За спокойствие «хозяин» платил ментам. В течение дня он по нескольку раз проверял своих «работников», наблюдая издалека, не прячут ли те деньги. Им дозволялось купить себе всего лишь по два пирожка да по банке пива. После смены «хозяин» забирал их и привозил назад.
На ужин выдавал по два «бич-пакета», банку тушёнки на двоих и литр водки на всех. Если заработали хорошо, мог поставить ещё бутылку – «от себя». Если находил утаённые деньги – давал в морду.
Зимой бедолагам деваться было некуда. Ночевали в относительном тепле. У них стояли электрообогреватель и «козёл». А летом Санька часто убегал, скитался, менял места, скрываясь от «хозяина». Тот его разыскивал, забирал назад и бил. Жаловаться на «хозяина» этот обрубок рода человеческого не мог. У того с ментами всё было схвачено.
Личных вещей у Саньки не было. Лишь холщевая сумка для сбора подаяний, да главное его богатство – тележка-кормилица, которая была ему дороже, чем «залимонные тачки» некоторым.
Напивался Санька вусмерть. Падал со своей тележки прямо на улице. Кто-нибудь из сердобольных прохожих вызывал полицию, представители которой, предварительно почистив карманы, привозили Шумахера в наше учреждение. Впрочем, иногда и просто грабили, вывозили подальше и бросали у обочины. Неохота было валандаться с ним. Но даже такие подонки не отбирали, привозили тележку вместе с Санькой – знали: без неё тому – каюк.
У нас Шумахера принимали, и матерящиеся санитары относили пропахшую мочой тележку на просушку, а Саньку – в санпропускник, где были и переодевали в чистое. Его вонючую одежонку тщательно обыскивали, извлекая заначенные мятые влажные купюры – деньги не пахнут, но только после просушки.

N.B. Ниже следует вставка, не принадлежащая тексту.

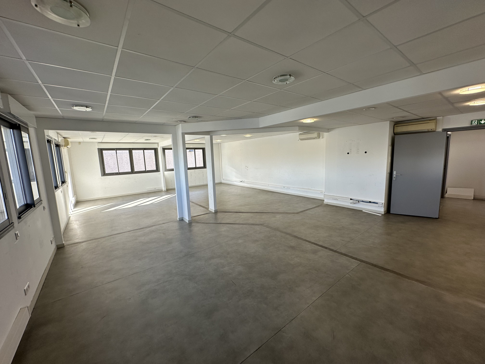 Il se développe sur deux niveaux avec au rez-de-chaussée un espace de travail ouvert avec accès à un rideau électrique motorisé, un bureau individuel, une cuisinette.
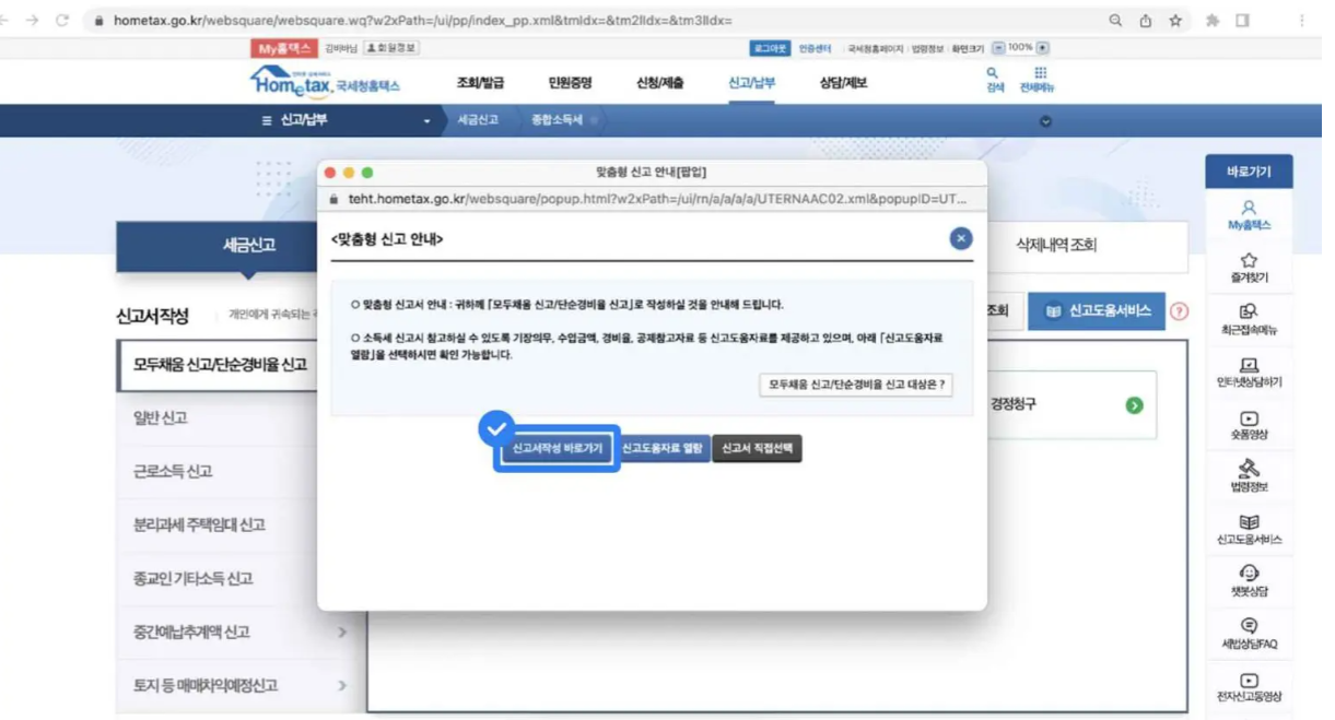 step 2. 맞춤형 신고 안내 팝업이 뜨면 '신고서작성 바로가기' 버튼 클릭
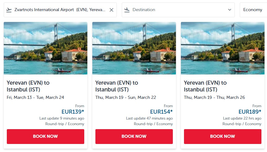 «Turkish Airlines»-ը հրապարակել է Երևան-Ստամբուլ տոմսերի արժեքները
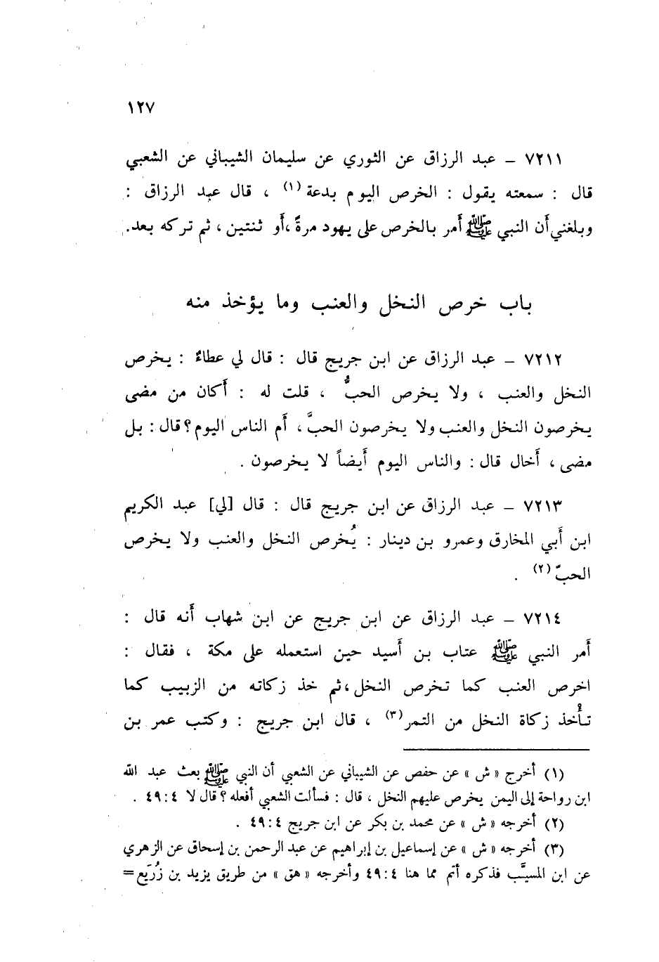 ٧٢١٢ - عَنِ ابْنِ جُرَيْجٍ قَالَ: قَالَ لِي عَطَاءٌ: «يُخْرَصُ النَّخْلُ، وَالْعِنَبُ، وَلَا يُخْرَصُ الْحَبُّ»، قُلْتُ لَهُ: أَكَانَ مَنْ مَضَى يُخْرِصُونَ النَّخْلَ، وَالْعِنَبَ، وَلَا يُخْرِصُونَ الْحَبَّ أَمِ النَّاسُ الِيَوْمَ؟ قَالَ: " بَلْ مَضَى، إِخَالُ قَالَ: وَالنَّاسُ الِيَوْمَ أَيْضًا لَا يُخْرِصُونَ "

Просыпался Санёк в чистой постельке на белой простынке. Он не озирался удивлённо – где, мол, я? Здесь он бывал уже не раз, всё было знакомо. Санитары тоже не звери, приносили опохмелиться. За его же деньги. Санёк оживал. Все любили его за простоту, за непосредственность, за весёлый нрав.
Начинались расспросы – что да как? Шумахер рассказывал. О лишениях, о жизни у «хозяина», о несправедливости, о побоях. Это были какие-то наивные хохмы, его рассказы. Например, как ему дали по башке какие-то молодые отморозки и выкинули тележку, а он потом полгектара по-пластунски пропахал, а та оказалась рядом, в кустах. Все смеялись, а рассказчик – больше прочих: денег-то те отморозки не нашли, они были в тележке, под подкладкой сидения… И ещё Санька рассказывал множество подобных историй, где надо бы плакать, но все смеялись, а он – больше всех. Шумахер был искренне рад, что всех смешил. Ему нравилось быть в центре внимания. Он никогда не жаловался.
Правая культя на ноге у Саньки загноилась. Шов был в ужасном состоянии, сквозь нагноение видна была белая кость. Он мучился болями, но виду не подавал. Вечерами медсестра мазала Шумахеру рану какой-то фигнёй и зелёнкой, но это не помогало. Анальгин тоже.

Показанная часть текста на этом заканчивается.